I’m struggling to find the middle ground of everything around me.

Anxiety is so HARD.

Life events that seem normal to others cause a severe reaction to me.

I’m afraid of so many things

I don’t even know why

No matter where I go,

There is something that triggers me

I find myself thinking what it would be like to not be this way every day but I can’t imagine life any different.

Some days my anxiety comes in handy. I never thought that I would say that. It’s usually the overbearing destroyer of every aspect of my life, but I have found a way to focus on the fact that anxiety can help me prepare myself for important events.

Normally, I have intense worry to where it’s like I’m going through an event twice because I consume my every thought with that ONE thing coming up. It’s such a relief when I get through it because then I can be ‘normal’ for the time being until the next. It makes me quite distraught that I’m living anxiety attack to anxiety attack, as soon one is over I am thinking about when and where the next one will strike.
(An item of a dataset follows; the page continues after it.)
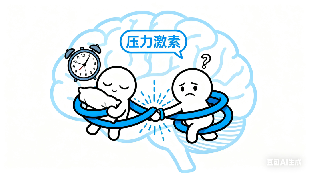 而当睡眠长期被剥夺,身体里的压力激素——皮质醇——会持续升高,把原本只是“小情绪”的痛苦放大成雪崩,最终让焦虑和抑郁都滚成越推越大的雪球,压得人喘不过气。

Not everyday is like that but eventually it all runs together and you can’t even distinguish between your good days and your bad days.

It’s so important that even on the bad days we take it all in and know that it’s only an amount of time before it’s over.

Through this moment I had, it was horrible but I knew that the next day it would dissolve.

Don’t focus on the next attack

Focus on the moment

Focus more on the days that are good.